The pattern I've noticed in Whig/Patriot depositions about the Massacre, the Battle of Lexington and Concord, and other incidents is that they're usually accurate as far as they go, but they can leave out or downplay unflattering information. They're the truth and nothing but the truth, but they're not always the whole truth.

DebbieLynne said...

So spin is nothing new. No big revelation, but worth remembering. After all, Paul Revere and Samuel Adams did some of their own spin. Five people, a massacre?

Todd Gardner said...

When the massacre took place the population in Boston was approximately 20,000. Five people shot and killed is a massacre and would be completely alarming to such a small and close knit town as Boston.

G. Lovely said...

5 people out of a population of 20,000 would be equivalent to over 150 people today, surely a number that contemporary reporters would call a massacre.
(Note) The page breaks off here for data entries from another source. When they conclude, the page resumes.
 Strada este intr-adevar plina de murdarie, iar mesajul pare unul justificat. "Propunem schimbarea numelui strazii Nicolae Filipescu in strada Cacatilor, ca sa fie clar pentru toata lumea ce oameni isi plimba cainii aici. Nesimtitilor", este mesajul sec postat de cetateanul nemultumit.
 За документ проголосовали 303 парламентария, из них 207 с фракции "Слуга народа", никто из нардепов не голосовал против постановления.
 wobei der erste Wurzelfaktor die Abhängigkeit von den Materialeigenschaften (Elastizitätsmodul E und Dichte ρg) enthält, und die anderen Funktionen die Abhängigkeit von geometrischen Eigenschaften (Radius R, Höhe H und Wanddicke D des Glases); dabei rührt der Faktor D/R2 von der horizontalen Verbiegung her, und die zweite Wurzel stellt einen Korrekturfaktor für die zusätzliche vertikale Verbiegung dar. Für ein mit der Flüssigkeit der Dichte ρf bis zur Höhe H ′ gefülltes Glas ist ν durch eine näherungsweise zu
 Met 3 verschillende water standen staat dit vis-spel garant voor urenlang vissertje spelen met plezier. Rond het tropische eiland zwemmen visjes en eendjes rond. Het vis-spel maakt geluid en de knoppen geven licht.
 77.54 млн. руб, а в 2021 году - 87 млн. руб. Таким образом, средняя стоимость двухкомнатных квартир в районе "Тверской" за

Besides, the definition of massacre is "an indiscriminate and brutal slaughter of people", and the incident on March 5, 1770 could reasonably be called that.

J. L. Bell said...

Way back in the first month of this blog, I calculated that proportional to recorded population the Boston Massacre death toll was on the same scale as the Oklahoma City bombing.

Daud said...

I'm not sure that I agree about people being subject to inflation.
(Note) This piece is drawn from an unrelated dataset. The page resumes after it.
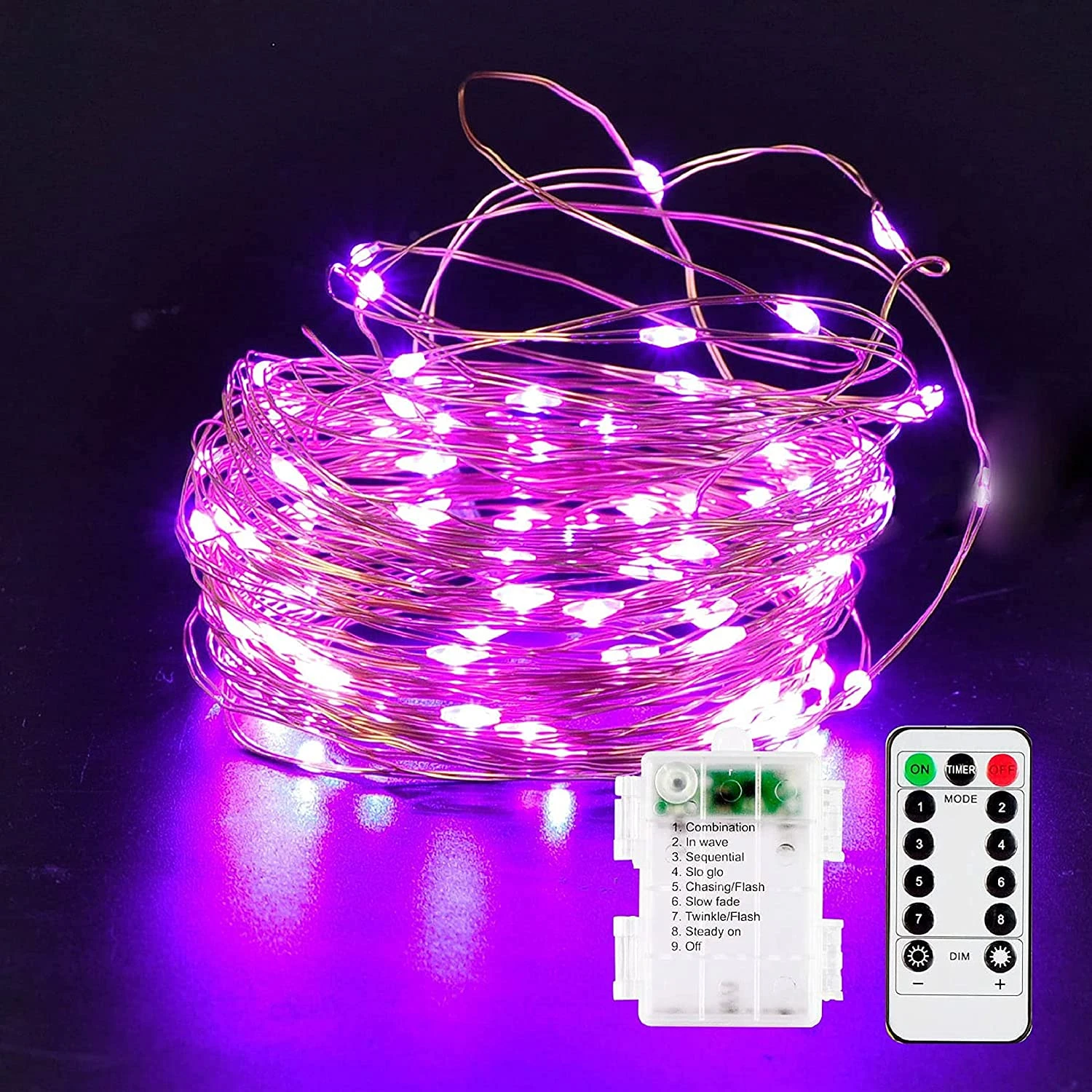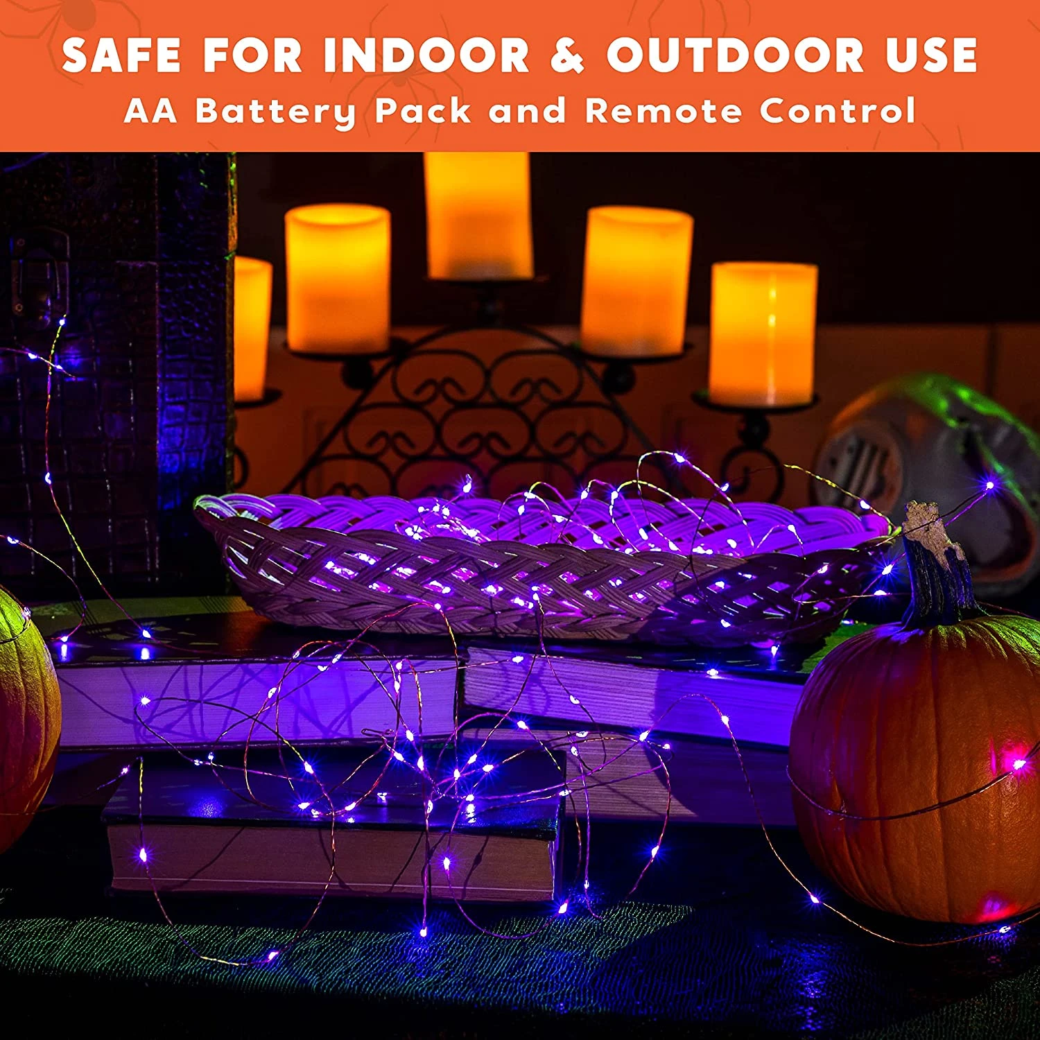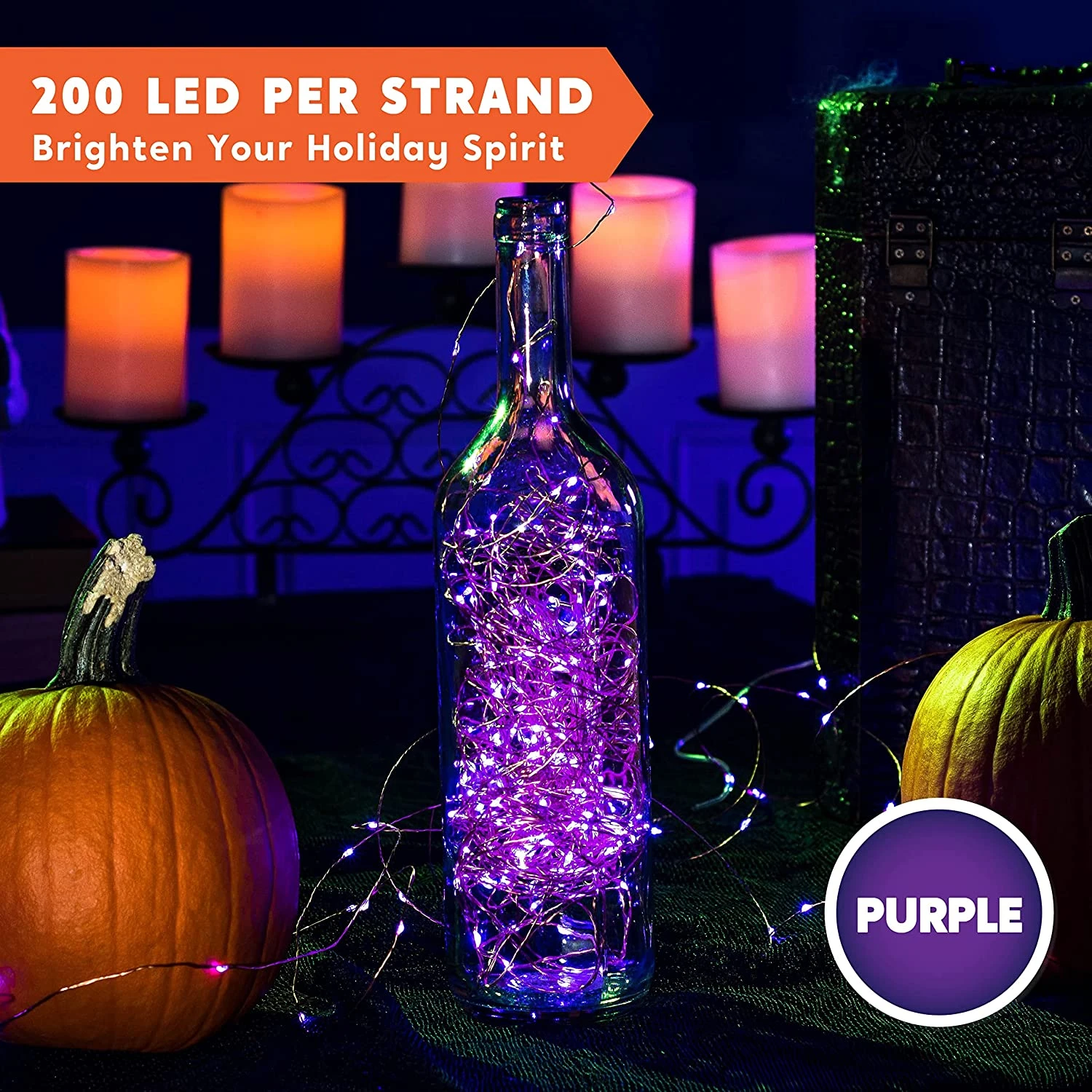 - Our Halloween LED Net Lights have a total of 100 LED Purple Bulbs with Copper Wire. 2W 3V. Total Lighted Length is 32.8 Feet. Total Wired Length is 33.8 Feet. Bulb Spacing 3.93 inches. Remote control. Battery powered.

By that argument, modern Bostonians wouldn't be much alarmed if 30 people were killed- since that's the equivalent of only 1 in 1770.

Sure, any violence and loss of life is more deeply felt in a small tightly-knit community- I'll give you that- but trying to assign a mathematical equivalent is going a bit far.

J. L. Bell said...

I landed on the proportionality figure as a way to explain the issue DebbieLynne raised: how five deaths could become a “massacre” that helped to inflame a continent. True, it's not an exact correlation.

Would such a calculation also be useful in communicating how devastating an epidemic might be? Of course, people were much more used to "early" death from disease in that period, so it again wouldn’t be a simple door into the eighteenth-century mindset.